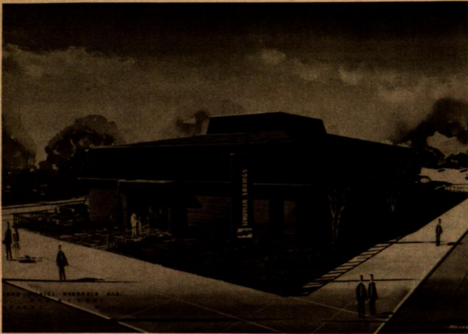
Naujieji Schuyler Savings and Loan Assn. namai, Kearny, N. J.
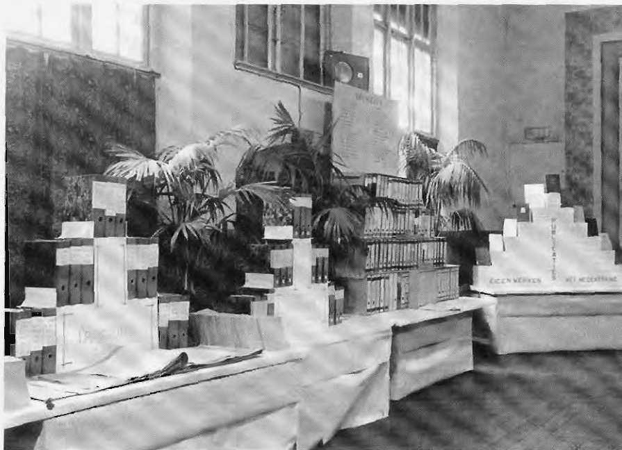
In 1954 bij het eerste lustrum van het SHCL werd een expositie georganiseerd, waarin de gehele collectie van het instituut werd gepresenteerd. Foto 1954 (coll. SHCL).

de provincie Limburg in het Koninkrijk der Nederlanden. Die integratie werd in de tijd van de Eerste Wereldoorlog bezegeld toen Limburgse kopstukken een hoofdrol gingen spelen in de landelijke politiek. Voorbeelden daarvan zijn de politici W.H. Nolens en Ch. Ruys de Beerenbroeck ter rechter- en de sociaal-democratische voorman W. Vliegen ter linkerkant.

◆ **Task goal**
Reproduce exactly, and only, the lines from the opening line of the listing above through the line holding "In 1954 bij", minus the pictures.

◆ **Answer to this task**
Naujieji Schuyler Savings and Loan Assn. namai, Kearny, N. J.
In 1954 bij het eerste lustrum van het SHCL werd een expositie georganiseerd, waarin de gehele collectie van het instituut werd gepresenteerd. Foto 1954 (coll. SHCL).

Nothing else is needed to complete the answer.